Movies
“In the Valley of Elah”
The first in a rush of fall films that deal with the Iraq war raises a tough question: Is it too soon to make sense of a war we're still fighting?
Even a relatively uncomplicated movie can take years to get made, which is why pictures that deal with topical political issues are relatively rare. But perhaps because we’re living in an era when we’ve learned to expect quick, if not instantaneous, turnaround, in the next few months we’ll be seeing numerous mainstream pictures that deal in some fashion with the horror and confusion Americans have been feeling, or are beginning to feel, about the war in Iraq. We’ve already had Michael Winterbottom’s unmooring and mournful “A Mighty Heart.” Soon we’ll be seeing Gavin Hood’s “Rendition,” with Reese Witherspoon playing an American woman whose Egyptian-born husband has been detained in a secret detention facility in the Middle East. And this week we’ve got Paul Haggis’ “In the Valley of Elah”: Tommy Lee Jones plays a career Army officer whose son has mysteriously gone missing after completing a tour of duty in Iraq and returning to his hometown in New Mexico. Charlize Theron is a detective who decides to help him when she realizes the military police have no interest in uncovering the truth behind his disappearance.
In the abstract, I guess we should be glad filmmakers are attempting to respond to the reality of war even as we’re in the thick of it. That didn’t happen in the Vietnam era, although you could argue that the great filmmakers of the ’60s and ’70s (Altman, De Palma, Coppola, Scorsese, Penn), and even many lesser ones, were sublimating their political ideas and packing them into their movies in code, which cannier moviegoers could easily unzip. (De Palma himself has just made “Redacted,” a confounding, harrowing and raw fiction film based entirely on real-life Iraq war events, but it’s not the kind of mainstream, star-driven picture I’m talking about here.)
Does the arrival of movies like “In the Valley of Elah” mean that as a country, we’re getting better at facing up to the hell of now, at using popular art to recognize our nation’s mistakes even as those mistakes are being made?

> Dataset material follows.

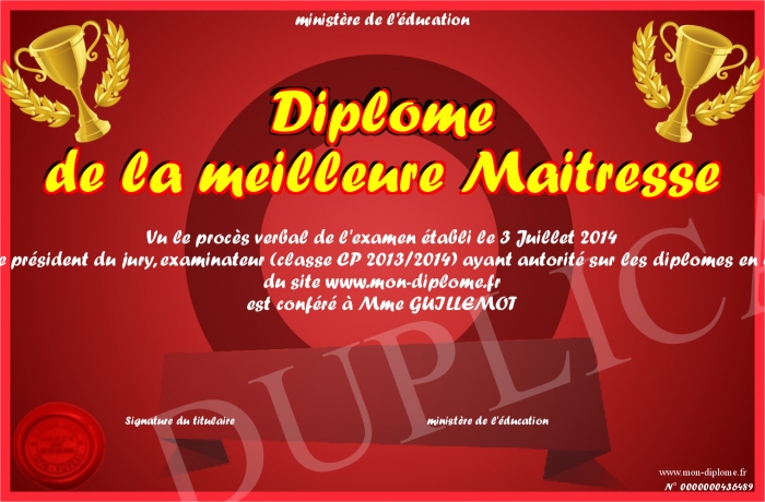 Envoyez par email votre Diplome de la meilleure Maitresse personalisé

Or do these pictures speak of a much colder reality: the fact that filmmakers always need ideas and we’re a nation at war — so any old plot, as long as it’s topical and comes accompanied by the appropriate murmur of concern, qualifies as a valid response to the nightmare we’ve created?
“In the Valley of Elah” has award-bait written all over it. Topical? Check. Big stars giving performances that occasionally require them to weep? Check. Recognition that “war is bad” and does terrible things to the people we send to fight it? Check. Like Haggis’ revered, Oscar-winning, race-relations brief “Crash,” “In the Valley of Elah” is designed to stress us out only so much: Instead of sending us home thinking about things in a way we never did before, it only meets — barely — the milder requirement of confirming things we already know.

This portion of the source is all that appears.